Yusef Salaam says he would change the criminal justice system in the U.S.: 'How do we get it right?'

Megan Sims
·3 mins read

Yusef Salaam, a member of the “Exonerated Five” whose convictions were vacated in the Central Park jogger case, shared his thoughts on Black Lives Matter, President Trump and how his life experiences inspired his new book, Punching the Air.

Punching the Air, which Salaam co-authored with National Book Award finalist Ibi Zoboi, is a young adult novel that revolves around a wrongly incarcerated Black Muslim teenager named Amal Shahid who turns to art and poetry as a refuge. The book is timely amid the continued protests around the United States following the police shootings of George Floyd, Breonna Taylor and, most recently, Jacob Blake.

“We’re crying for things like Black Lives Matter because all life doesn’t matter to the establishment. The establishment somehow said, ‘It’s OK for you to be down here and for us to be up here,’” Salaam tells Yahoo Life. “This book ... is the beginning of the conversation; it is the answer, in a way, to the trials of today.”

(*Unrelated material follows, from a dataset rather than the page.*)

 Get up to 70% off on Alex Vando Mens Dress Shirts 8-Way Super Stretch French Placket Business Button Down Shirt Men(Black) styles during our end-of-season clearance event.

Amal’s story is told in verse, and though it does have similarities with Salaam’s own experiences, he says it is bigger than him.

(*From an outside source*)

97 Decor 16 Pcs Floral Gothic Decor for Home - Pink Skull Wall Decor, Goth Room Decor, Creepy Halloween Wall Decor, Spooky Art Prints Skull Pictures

“The inspiration behind telling the story of Amal is the stories of all the oppressions we’ve all seen. I’ve often said that the story of the Central Park jogger case is not an anomaly,” he says. “They want people to believe that this is just a one-off, ‘We just got it wrong this one time.’ They don’t even admit that they got it wrong. To admit that they got it wrong is to speak to the humanity of us as a people. And so now, how do we get it right? How do we utilize these cases to figure out why we shouldn’t get it wrong?”

Salaam, who is an advocate for prison reform, says that he would change the U.S. criminal justice system altogether by giving inmates access to education to help them have a fighting chance outside of prison and giving them full citizenship rights, like voting.

He also criticized President Trump for not using his role to implement change.

“We haven’t been unified by him. I don’t even want to address his connection with the Central Park jogger case and the Exonerated Five. I’m talking about just him as a person,” he says, “to still be in the same space that he’s always been — his past performance is predicting what he’s going to do in the future.”

In the end, the activist says that he wants Punching the Air to give people hope during these tumultuous times.

“One of the things I often think about imparting, especially to young men of color and to really young people in general, is that they matter,” he says. “God said, ‘you, you,’ he wants you to be. You made it. And in that being has to be the understanding that you’ve been chosen, you’ve been chosen to do something special. There’s greatness that’s inside of you.”